We walked everywhere; the nearest tram stop a distant hike. There was never much in the way of shop-bought toys, though we did have my grandmother’s ‘flotsam and jetsam’ from her haberdashery shop! Heaps of huge wool boxes and big cardboard rolls were turned into cubby-houses, both in the ceiling of the garage during winter, and outside in summer. Great fun!

On weekends we roamed the paddocks with a knife and string to make bows and arrows from gum tree saplings and fired nail-studded arrows into home-made targets. Or playing Cowdies and Indians, and yes, being one year younger, I was always the Indian!

We loved making brown-paper and string kites. Dad would fire up the donkey engine and grab a pot of glue (from the knackery, and boy, didn’t it stink), and with a chunky brush, would glue our stripling frame and paper together adding a long string tail with rags flapping every 12 inches or so. Watching them soar into the sky was so satisfying!

In winter, when the dirt roads were a quagmire and the paddocks sodden, we used to make what I think they call these days, a Knitting Nancy. However, in the ’60s it was a chunky cotton reel with four slender nails hammered in the top. With one sharpened nail, you could loop and weave the wool around the nails until a snake-like woven cylinder would start inching out of the bottom of the cotton reel. We’d both be at it endlessly, until our ‘rope’ was easily 50-foot long (15m). Once it was ‘cast off’, what did we do with it?

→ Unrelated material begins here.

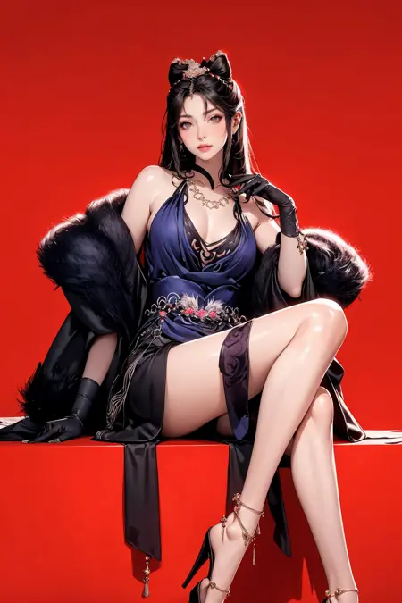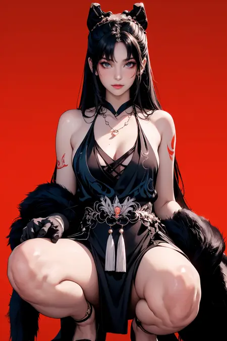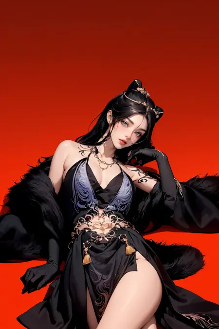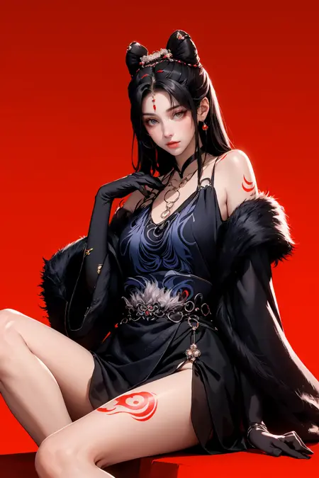 xixingjie,black dress,black hair,chinese clothes,elbow gloves,black hair,fur trim,necklace,jewelry,tattoo,

As my bedroom was at the end of the house and Clive’s up near the front door, we’d tie the two ends together so it made a circle, looping it down the hall, door handle to door handle. We’d sit in our respective bedrooms writing notes to each other. I can’t recall what about, probably spies, or codes or something secret. We’d pull the rope and the note would slowly dance its way up the long hallway. It kept us amused for hours.

Another amusement, albeit an ergonomic one for Mum, was floor polishing. Our new house didn’t have the luxurious new Axminster – we had polished wooden floors, so Mum would spread wax, tie old jumpers on our feet, and off we’d go, skating all over the house! Such fun, and Mum got the floor polished.

We loved our high jumps and tennis. Dad helped to rig up two 6-foot (1.8m) poles, whacked a series of nails in each, grabbed a bit of dowel, an old mattress, and bingo, one high jump set for the back yard. Tennis was played on a chalk-drawn court on the concrete in front of the garage. The net was a length of rope tied to the paling fence on one side and the garden seat opposite.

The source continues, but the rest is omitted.